Segment Open

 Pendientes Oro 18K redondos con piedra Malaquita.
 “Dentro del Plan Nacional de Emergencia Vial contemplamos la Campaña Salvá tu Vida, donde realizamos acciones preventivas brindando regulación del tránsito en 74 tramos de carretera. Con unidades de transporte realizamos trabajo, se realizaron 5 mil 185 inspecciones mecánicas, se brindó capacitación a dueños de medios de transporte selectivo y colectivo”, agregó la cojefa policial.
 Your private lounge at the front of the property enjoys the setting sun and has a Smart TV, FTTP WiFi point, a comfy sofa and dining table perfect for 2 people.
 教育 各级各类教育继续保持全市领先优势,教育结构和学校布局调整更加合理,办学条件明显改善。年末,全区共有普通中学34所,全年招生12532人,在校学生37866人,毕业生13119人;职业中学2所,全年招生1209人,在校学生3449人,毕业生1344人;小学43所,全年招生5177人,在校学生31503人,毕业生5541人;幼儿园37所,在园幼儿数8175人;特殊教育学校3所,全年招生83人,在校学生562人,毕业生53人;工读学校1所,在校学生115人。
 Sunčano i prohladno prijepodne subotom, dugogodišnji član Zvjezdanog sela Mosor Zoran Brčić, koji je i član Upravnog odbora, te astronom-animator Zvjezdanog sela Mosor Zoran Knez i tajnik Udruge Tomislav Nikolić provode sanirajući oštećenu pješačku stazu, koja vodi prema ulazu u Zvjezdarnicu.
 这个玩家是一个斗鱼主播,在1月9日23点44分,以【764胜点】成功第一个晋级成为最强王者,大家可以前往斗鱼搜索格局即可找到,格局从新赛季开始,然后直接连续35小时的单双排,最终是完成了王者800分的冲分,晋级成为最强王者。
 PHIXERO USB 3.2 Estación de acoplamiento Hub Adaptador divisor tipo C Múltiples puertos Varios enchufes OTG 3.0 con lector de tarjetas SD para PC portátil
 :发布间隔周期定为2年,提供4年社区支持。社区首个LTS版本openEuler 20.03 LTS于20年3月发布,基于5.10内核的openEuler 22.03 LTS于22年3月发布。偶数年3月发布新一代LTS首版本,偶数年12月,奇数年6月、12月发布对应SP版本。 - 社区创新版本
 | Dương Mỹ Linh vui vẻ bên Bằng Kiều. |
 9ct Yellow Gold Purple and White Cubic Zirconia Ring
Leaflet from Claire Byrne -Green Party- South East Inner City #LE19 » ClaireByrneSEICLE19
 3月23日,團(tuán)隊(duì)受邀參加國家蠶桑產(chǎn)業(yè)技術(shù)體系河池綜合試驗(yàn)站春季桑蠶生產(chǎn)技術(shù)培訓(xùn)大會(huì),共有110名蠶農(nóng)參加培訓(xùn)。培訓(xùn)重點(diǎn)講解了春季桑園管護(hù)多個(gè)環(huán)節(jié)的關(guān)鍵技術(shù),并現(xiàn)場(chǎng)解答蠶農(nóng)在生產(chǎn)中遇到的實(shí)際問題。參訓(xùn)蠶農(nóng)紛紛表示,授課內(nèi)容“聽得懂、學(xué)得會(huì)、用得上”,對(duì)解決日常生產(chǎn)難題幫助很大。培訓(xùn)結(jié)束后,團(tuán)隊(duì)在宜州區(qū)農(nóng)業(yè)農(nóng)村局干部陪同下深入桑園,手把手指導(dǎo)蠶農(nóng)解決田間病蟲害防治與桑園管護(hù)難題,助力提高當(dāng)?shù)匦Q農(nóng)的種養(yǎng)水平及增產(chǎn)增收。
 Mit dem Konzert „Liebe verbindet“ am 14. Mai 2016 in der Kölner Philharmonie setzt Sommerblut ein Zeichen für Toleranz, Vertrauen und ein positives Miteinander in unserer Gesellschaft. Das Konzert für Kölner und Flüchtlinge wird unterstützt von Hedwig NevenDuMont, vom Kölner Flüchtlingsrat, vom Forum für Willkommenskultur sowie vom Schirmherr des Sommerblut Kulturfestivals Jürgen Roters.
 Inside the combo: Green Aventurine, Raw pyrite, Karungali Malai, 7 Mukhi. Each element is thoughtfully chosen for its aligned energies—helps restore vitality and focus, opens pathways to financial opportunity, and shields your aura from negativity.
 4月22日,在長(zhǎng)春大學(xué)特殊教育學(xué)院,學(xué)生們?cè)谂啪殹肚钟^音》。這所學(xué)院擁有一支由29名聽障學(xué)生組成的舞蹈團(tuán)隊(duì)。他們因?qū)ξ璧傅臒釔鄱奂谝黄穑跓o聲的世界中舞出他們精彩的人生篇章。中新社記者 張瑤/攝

Segment Closed

Work item →
Copy out all of the records verbatim.

Output →
 Pendientes Oro 18K redondos con piedra Malaquita.
 “Dentro del Plan Nacional de Emergencia Vial contemplamos la Campaña Salvá tu Vida, donde realizamos acciones preventivas brindando regulación del tránsito en 74 tramos de carretera. Con unidades de transporte realizamos trabajo, se realizaron 5 mil 185 inspecciones mecánicas, se brindó capacitación a dueños de medios de transporte selectivo y colectivo”, agregó la cojefa policial.
 Your private lounge at the front of the property enjoys the setting sun and has a Smart TV, FTTP WiFi point, a comfy sofa and dining table perfect for 2 people.
 教育 各级各类教育继续保持全市领先优势,教育结构和学校布局调整更加合理,办学条件明显改善。年末,全区共有普通中学34所,全年招生12532人,在校学生37866人,毕业生13119人;职业中学2所,全年招生1209人,在校学生3449人,毕业生1344人;小学43所,全年招生5177人,在校学生31503人,毕业生5541人;幼儿园37所,在园幼儿数8175人;特殊教育学校3所,全年招生83人,在校学生562人,毕业生53人;工读学校1所,在校学生115人。
 Sunčano i prohladno prijepodne subotom, dugogodišnji član Zvjezdanog sela Mosor Zoran Brčić, koji je i član Upravnog odbora, te astronom-animator Zvjezdanog sela Mosor Zoran Knez i tajnik Udruge Tomislav Nikolić provode sanirajući oštećenu pješačku stazu, koja vodi prema ulazu u Zvjezdarnicu.
 这个玩家是一个斗鱼主播,在1月9日23点44分,以【764胜点】成功第一个晋级成为最强王者,大家可以前往斗鱼搜索格局即可找到,格局从新赛季开始,然后直接连续35小时的单双排,最终是完成了王者800分的冲分,晋级成为最强王者。
 PHIXERO USB 3.2 Estación de acoplamiento Hub Adaptador divisor tipo C Múltiples puertos Varios enchufes OTG 3.0 con lector de tarjetas SD para PC portátil
 :发布间隔周期定为2年,提供4年社区支持。社区首个LTS版本openEuler 20.03 LTS于20年3月发布,基于5.10内核的openEuler 22.03 LTS于22年3月发布。偶数年3月发布新一代LTS首版本,偶数年12月,奇数年6月、12月发布对应SP版本。 - 社区创新版本
 | Dương Mỹ Linh vui vẻ bên Bằng Kiều. |
 9ct Yellow Gold Purple and White Cubic Zirconia Ring
Leaflet from Claire Byrne -Green Party- South East Inner City #LE19 » ClaireByrneSEICLE19
 3月23日,團(tuán)隊(duì)受邀參加國家蠶桑產(chǎn)業(yè)技術(shù)體系河池綜合試驗(yàn)站春季桑蠶生產(chǎn)技術(shù)培訓(xùn)大會(huì),共有110名蠶農(nóng)參加培訓(xùn)。培訓(xùn)重點(diǎn)講解了春季桑園管護(hù)多個(gè)環(huán)節(jié)的關(guān)鍵技術(shù),并現(xiàn)場(chǎng)解答蠶農(nóng)在生產(chǎn)中遇到的實(shí)際問題。參訓(xùn)蠶農(nóng)紛紛表示,授課內(nèi)容“聽得懂、學(xué)得會(huì)、用得上”,對(duì)解決日常生產(chǎn)難題幫助很大。培訓(xùn)結(jié)束后,團(tuán)隊(duì)在宜州區(qū)農(nóng)業(yè)農(nóng)村局干部陪同下深入桑園,手把手指導(dǎo)蠶農(nóng)解決田間病蟲害防治與桑園管護(hù)難題,助力提高當(dāng)?shù)匦Q農(nóng)的種養(yǎng)水平及增產(chǎn)增收。
 Mit dem Konzert „Liebe verbindet“ am 14. Mai 2016 in der Kölner Philharmonie setzt Sommerblut ein Zeichen für Toleranz, Vertrauen und ein positives Miteinander in unserer Gesellschaft. Das Konzert für Kölner und Flüchtlinge wird unterstützt von Hedwig NevenDuMont, vom Kölner Flüchtlingsrat, vom Forum für Willkommenskultur sowie vom Schirmherr des Sommerblut Kulturfestivals Jürgen Roters.
 Inside the combo: Green Aventurine, Raw pyrite, Karungali Malai, 7 Mukhi. Each element is thoughtfully chosen for its aligned energies—helps restore vitality and focus, opens pathways to financial opportunity, and shields your aura from negativity.
 4月22日,在長(zhǎng)春大學(xué)特殊教育學(xué)院,學(xué)生們?cè)谂啪殹肚钟^音》。這所學(xué)院擁有一支由29名聽障學(xué)生組成的舞蹈團(tuán)隊(duì)。他們因?qū)ξ璧傅臒釔鄱奂谝黄穑跓o聲的世界中舞出他們精彩的人生篇章。中新社記者 張瑤/攝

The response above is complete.